Der Soldier Hollow – Sohn zählte zwei- und dreijährig mit seinen Placierungen im Ratibor-Rennen sowie Bavarian Classic zur Jahrgangsspitze, ehe er nach Rang 14 im Derby wegen einer kleinen Verletzung länger pausieren mußte. Die arbeitsfreie Zeit hat er aber bestens genutzt,  sich besser denn je zurückgemeldet und vorallem von Start zu Start gesteigert präsentiert. Nach den Plätzen Sechs im Grand Prix Aufgalopp und Drei im Preis von Dahlwitz, lief er auf Gruppe II Niveau zu großen Form auf. So mußte er im Großer Preis der Badischen Wirtschaft nur Adler Adler vor sich dulden und  galoppierte auch im Hansa Preis hinter Torquator Tasso und Northern Ruler erneut Gruppe -Blacktype ein. Tritt jetzt wieder eine Klasse tiefer mit der höchsten Marke an und hat den überfälligen ersten Gruppe-Treffer im Visier, wobei ihm etwas weicher Boden durchaus helfen würde.

Ein Ausgleich II für dreijährige und ältere Pferde über die Meile ist dagegen das Ziel von Night Ocean für das Gestüt Winterhauch.

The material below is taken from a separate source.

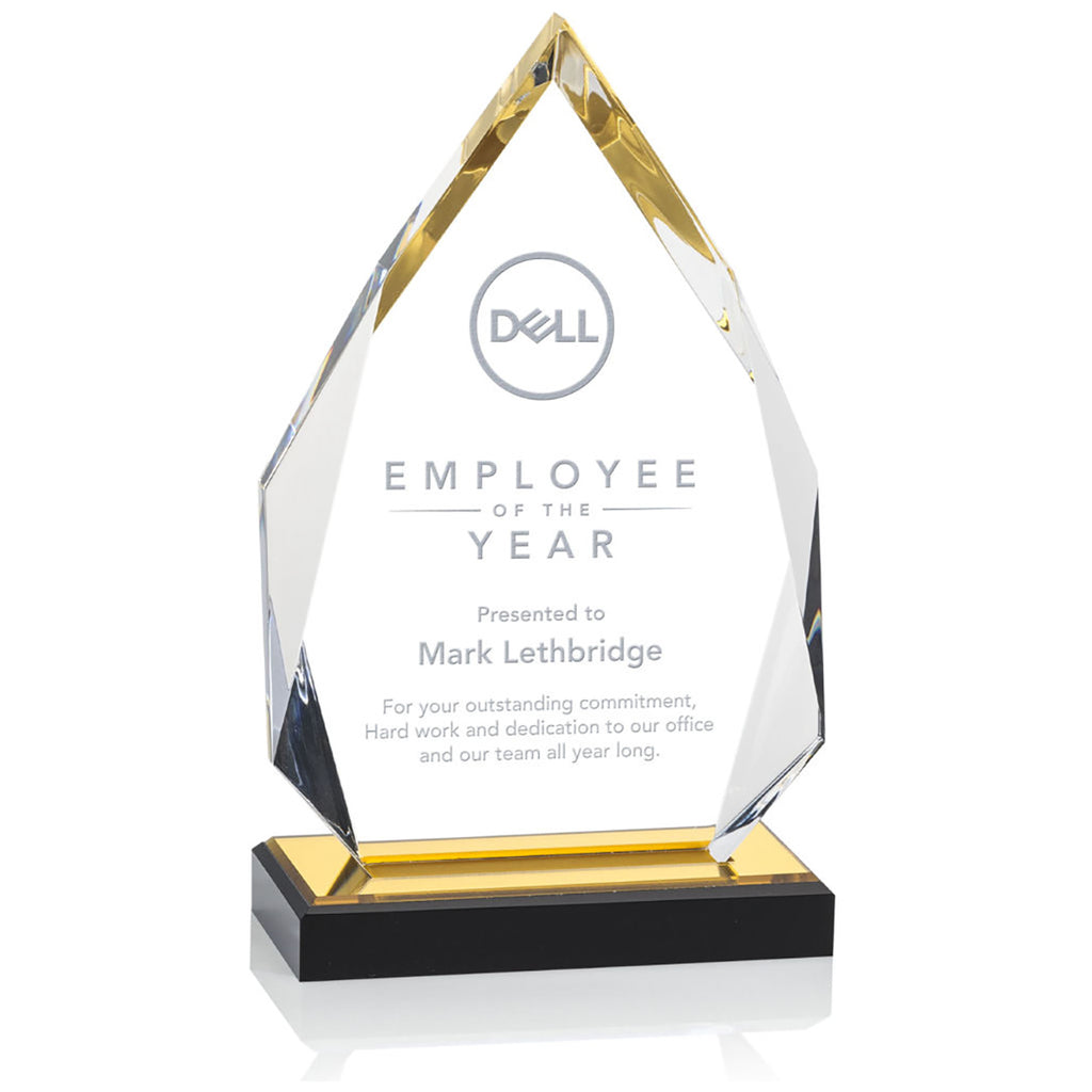 The St. Regis Gold Beckenham Award 5.25" x 8.75" with Standard Base - Laser Engraved with a custom or corporate logo is a wonderful way to recognize a special achievement or goal. The gorgeous ebony base with a golden reflective top radiates gold through the interchanging facets toward the peak. Perfect for employment anniversaries, outstanding service, and top marks.The minimum order for this product is 1 piece.

Der Amaron – Sohn ist ein bisher dreifacher Sieger, war im Vorjahr mit guten Leistungen in Auktionsrennen unterwegs und galoppierte dabei seinen bisher größten Treffer im Hamburger Auktionsrennen über 1.600 Meter und den Stallgefährten Surin Beach ein. Er soll sich in dieser Saison und nach einer halbjährigen Pause, durch die Handicaps in bessere Aufgaben steigern.  Bei seinen bisherigen drei Auftritten konnte er zwar noch nicht ganz überzeugen, zog sich aber mit zwei fünften Plätzen und zuletzt Rang Vier in Hamburg nicht übel aus der Affaire. Jetzt hofft man natürlich, daß endlich der sprichwörtliche Knoten platzt und er auf die Siegerstraße zurück findet.